→ EXERCISE DATA
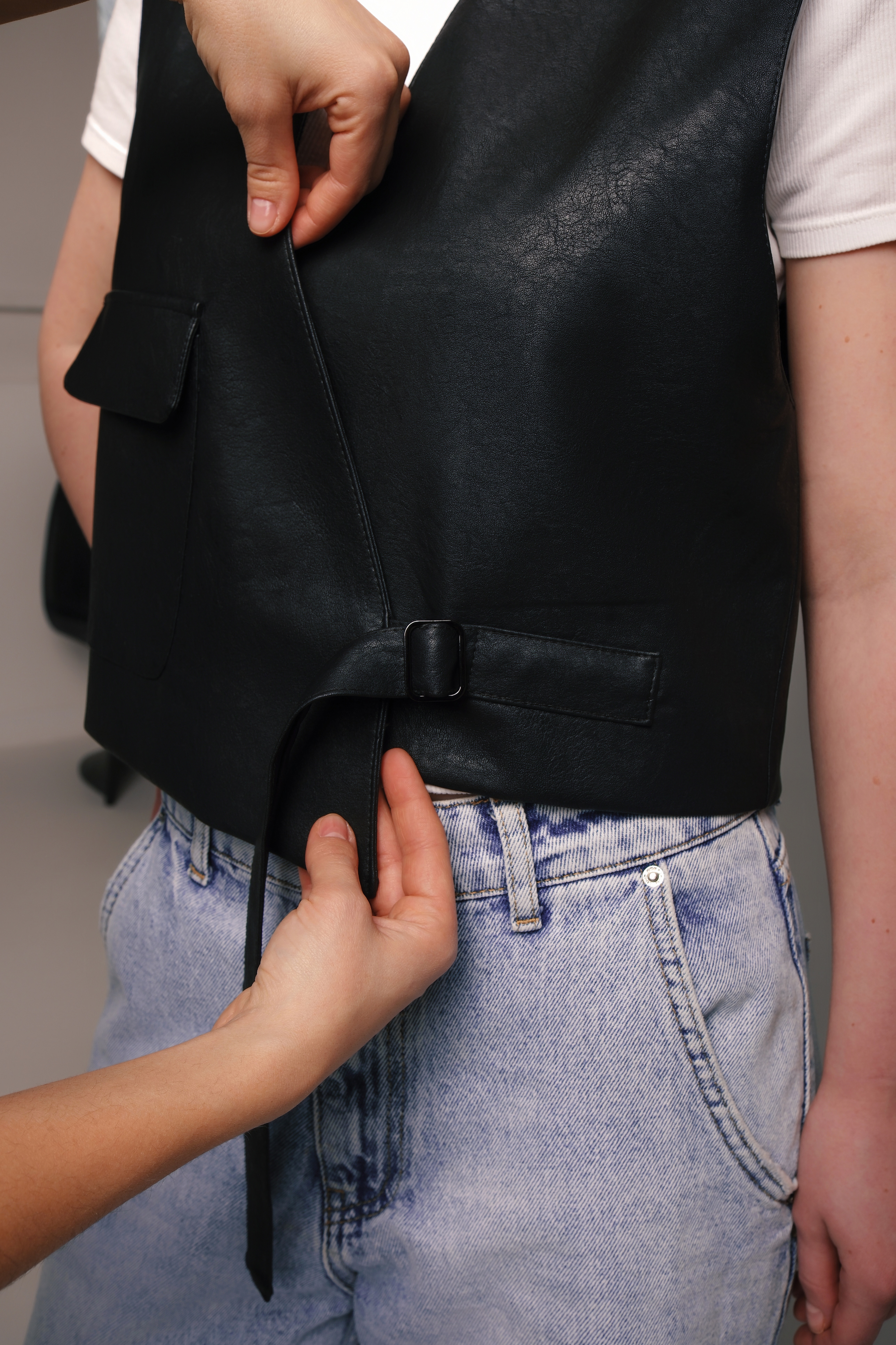 низа спереди с асимметричной застежкой на ремешок и пряжку. На правой полочке
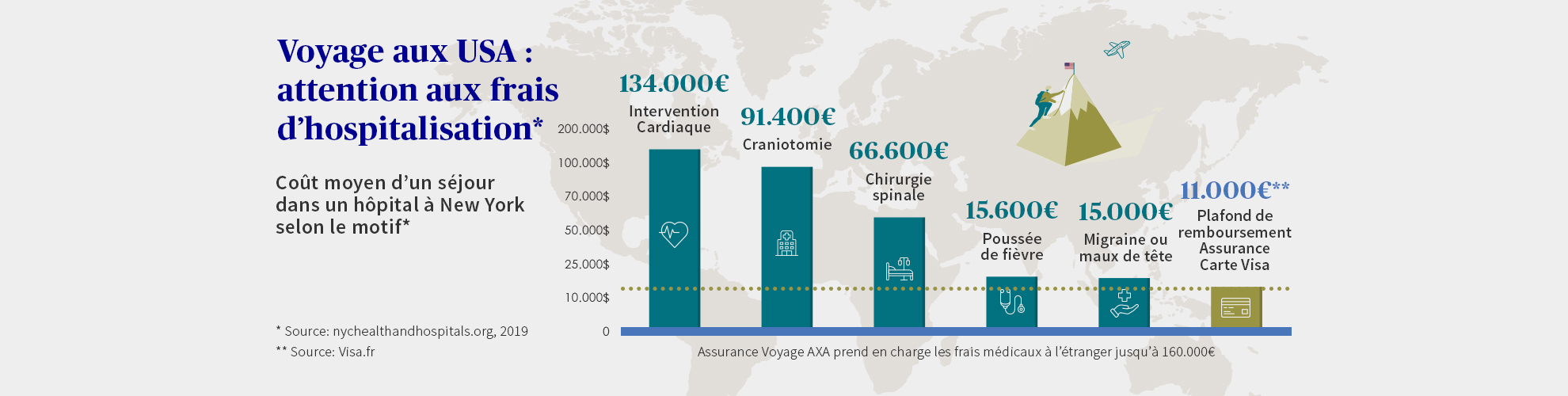 Notre assurance vous couvre en cas daccident de problème de santé de retour anticipé de perte ou de vol de papiers et vous propose même une assistance psychologique. Ainsi avoir une assurance santé étudiant aux USA permettra de réduire considérablement vos frais médicaux. Lassurance Voyage AXA cest la sécurité de partir aux US bien accompagné avec des formules adaptées.
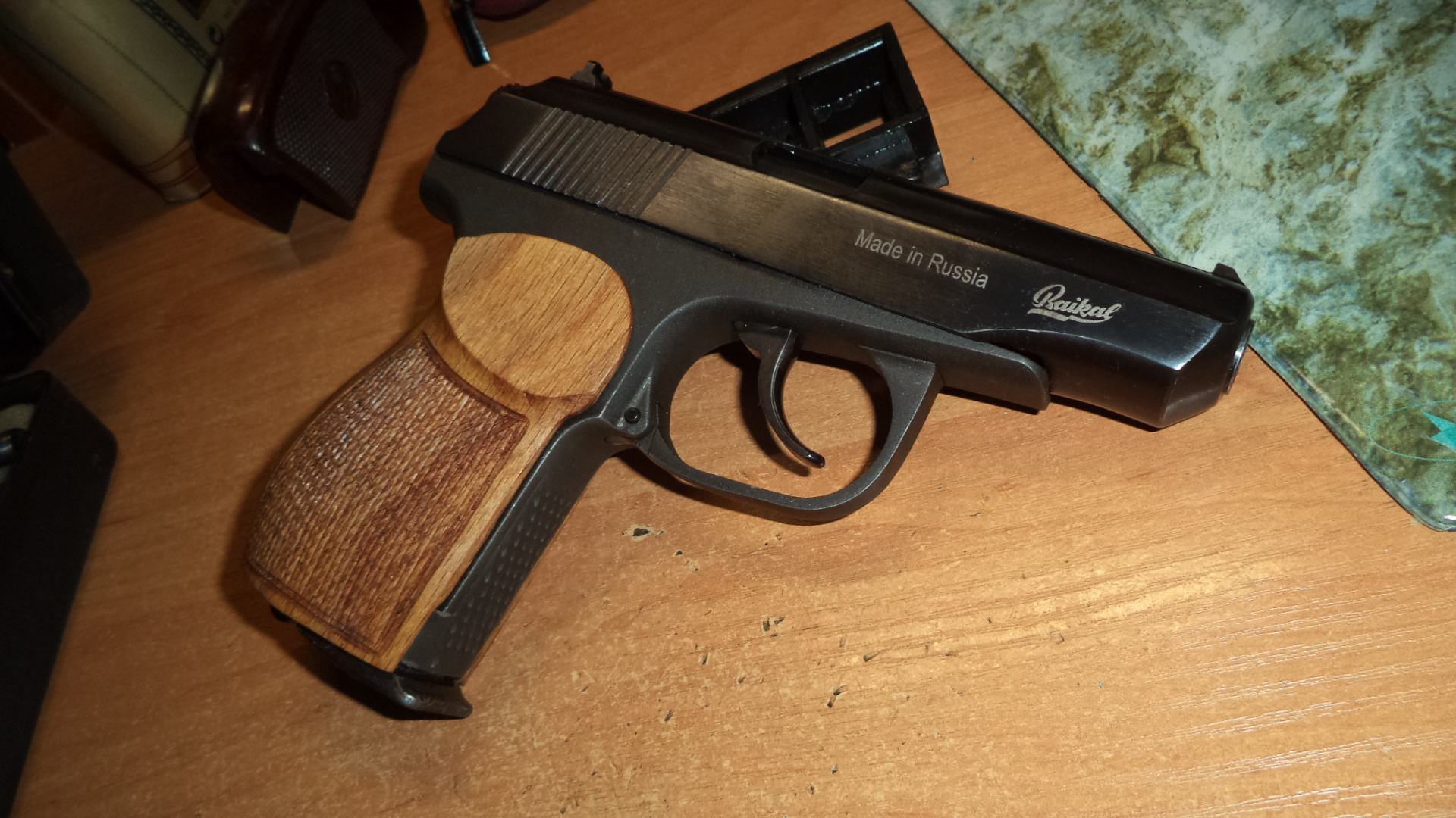 Бакелит продан. Пистолет в стоке с деревянной рукоятью 210 ( красный курок , красная тяга, потайной болт , с антабкой в придачу, переходник для запуска ракет). Пересыл .

→ WORK ORDER
Repeat the listing word for word. Leave images out.

→ TASK SOLUTION
 низа спереди с асимметричной застежкой на ремешок и пряжку. На правой полочке
 Notre assurance vous couvre en cas daccident de problème de santé de retour anticipé de perte ou de vol de papiers et vous propose même une assistance psychologique. Ainsi avoir une assurance santé étudiant aux USA permettra de réduire considérablement vos frais médicaux. Lassurance Voyage AXA cest la sécurité de partir aux US bien accompagné avec des formules adaptées.
 Бакелит продан. Пистолет в стоке с деревянной рукоятью 210 ( красный курок , красная тяга, потайной болт , с антабкой в придачу, переходник для запуска ракет). Пересыл .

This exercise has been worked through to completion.